Thekla Walker, die grüne Umweltministerin, versucht in ihrer Rede, mit – wie sie sagt – „verbindlichen Zusagen“ den Kritikern den Wind aus den Segeln zu nehmen. So sollen „weite Waldbereiche entlang des Langenbach- und Schönmünztals und um Erbersbronn Managementzone bleiben“. Das heißt konkret: „Eingriffe in den Wald sind weiter möglich. Wir wollen den Wald hier so entwickeln, dass nicht der Eindruck abgestorbener Berghänge entsteht.“ Der Wald solle „frei zugänglich bleiben“: Beerensammeln und Holzlagerung bleibe daher auch weiterhin möglich.

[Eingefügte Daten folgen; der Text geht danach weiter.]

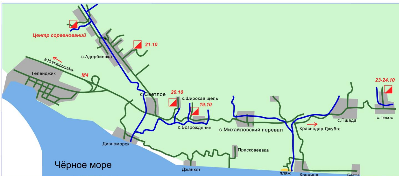
Схема проезда "Золотая Осень - 2021"
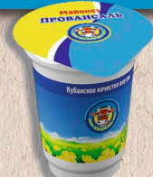
МАЙОНЕЗ ПРОВАНСАЛЬ 67%. 400г., 230г. 30 сут.
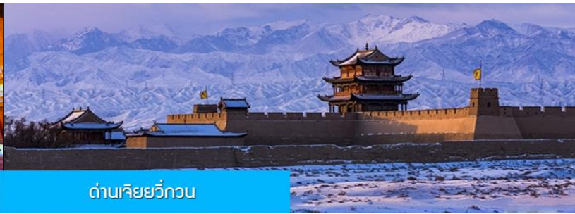
ด่านเจี๋ยวิ้วกวน
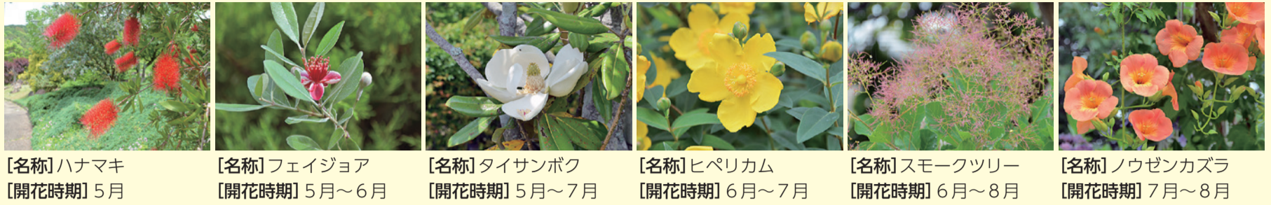
【名称】ハナマキ 【開花時期】5月 【名称】フェイジョア 【開花時期】5月～6月 【名称】タイサンボク 【開花時期】5月～7月 【名称】ヒペリカム 【開花時期】6月～7月 【名称】スモークツリー 【開花時期】6月～8月 【名称】ノウゼンカズラ 【開花時期】7月～8月
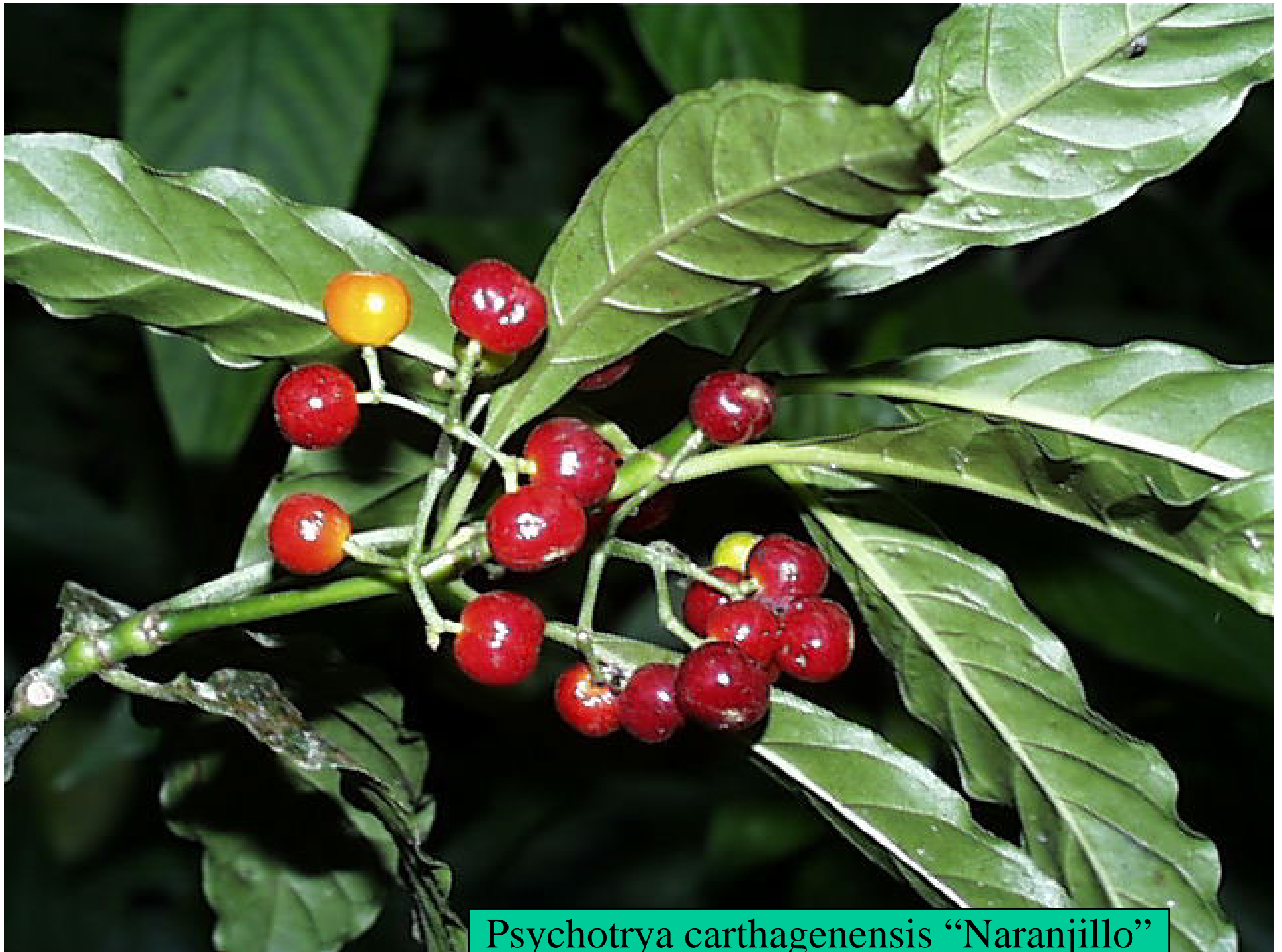
Psychotrya carthagenensis "Naranjillo"
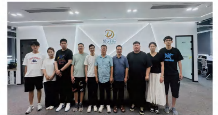
聚学科技访企拓岗行动
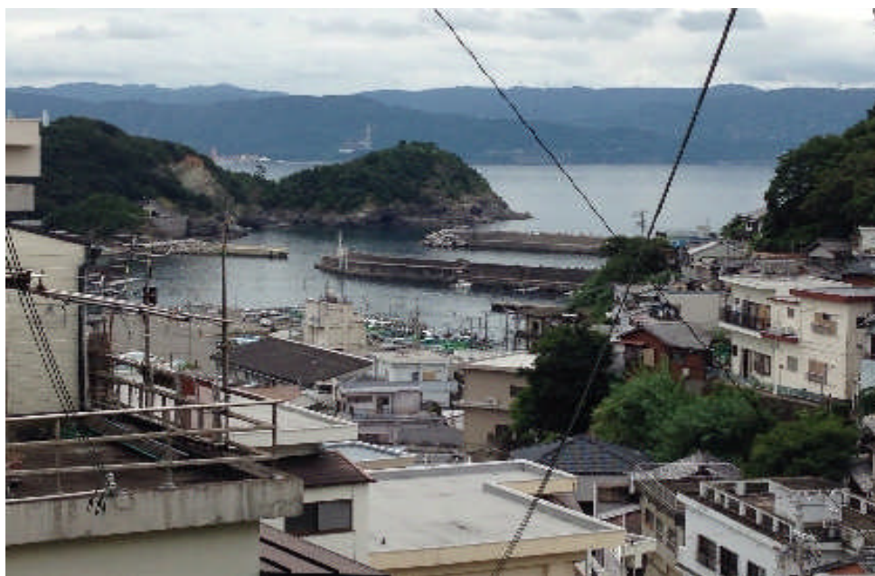
丘の上から望む紀州雑賀崎全景

Hat beim Besuch im Murgtal keinen leichten Stand: Landesumweltministerin Thekla Walker. Foto: Peer Meinert

Und weiter sagt Walker zu: „Alle breiten, geschotterten Waldwege im Erweiterungsgebiet bleiben offen und können zu Fuß oder auch mit dem Rad genutzt werden.“ Dies solle zunächst für eine Dauer von zehn Jahren gelten. Zum Thema Waldbrand und Hochwasser meint sie allerdings lediglich, hier solle „ein Konzept“ erstellt werden.

Ganz entscheidend aber dürfte eine weitere Zusage der Ministerin sein: Wichtige Beschlüsse im Nationalparkrat sollen künftig nur dann gefasst werden, „wenn eine Mehrheit der Kommunen sowie der Landesvertreter im Rat zustimmt“. Konkret heißt das: Die Kommunen können im weiteren Entscheidungsprozess nicht einfach von den Vertretern des Landes überstimmt werden. Vor allem Landrat Klaus Michael Rückert verweist auf die Bedeutung dieser Zusage. Damit werde gesichert, dass die Anliegen der Kommunen nicht ins Hintertreffen geraten. Die Rede Walkers erhält warmen Beifall.

„Bitte nehmen Sie sich Zeit!“

Es ist immer wieder die gleiche Kritik, die seit Monaten aus einzelnen Kreisen der Anwohner zu hören ist. „Lösen wir doch erst die bisherigen Probleme, bevor wir an die Erweiterung denken“, meint eine Kritikerin. Der Borkenkäfer etwa habe sich im bisherigen Park „explosionsartig vermehrt“. Ein Kritiker bemängelt, die Zusage der Wegenutzung von lediglich zehn Jahren sei „gerade lächerlich“, der Nationalpark bestehe schließlich „für die Ewigkeit“.

Es ist nicht zuletzt der Zeitdruck, der bei dieser Veranstaltung auf Widerspruch stößt. Dass die Erweiterung kommt, „das ist keine Frage“, meint etwa Robert Stiebler, Bürgermeister in Forbach. „Doch warum diese Eile?“ Es bestehe nach wie vor großer Gesprächsbedarf. Eindringlich mahnt der Bürgermeister: „Bitte nehmen Sie sich Zeit! Der Nationalpark läuft nicht weg.“ Stiebler erhält großen Beifall.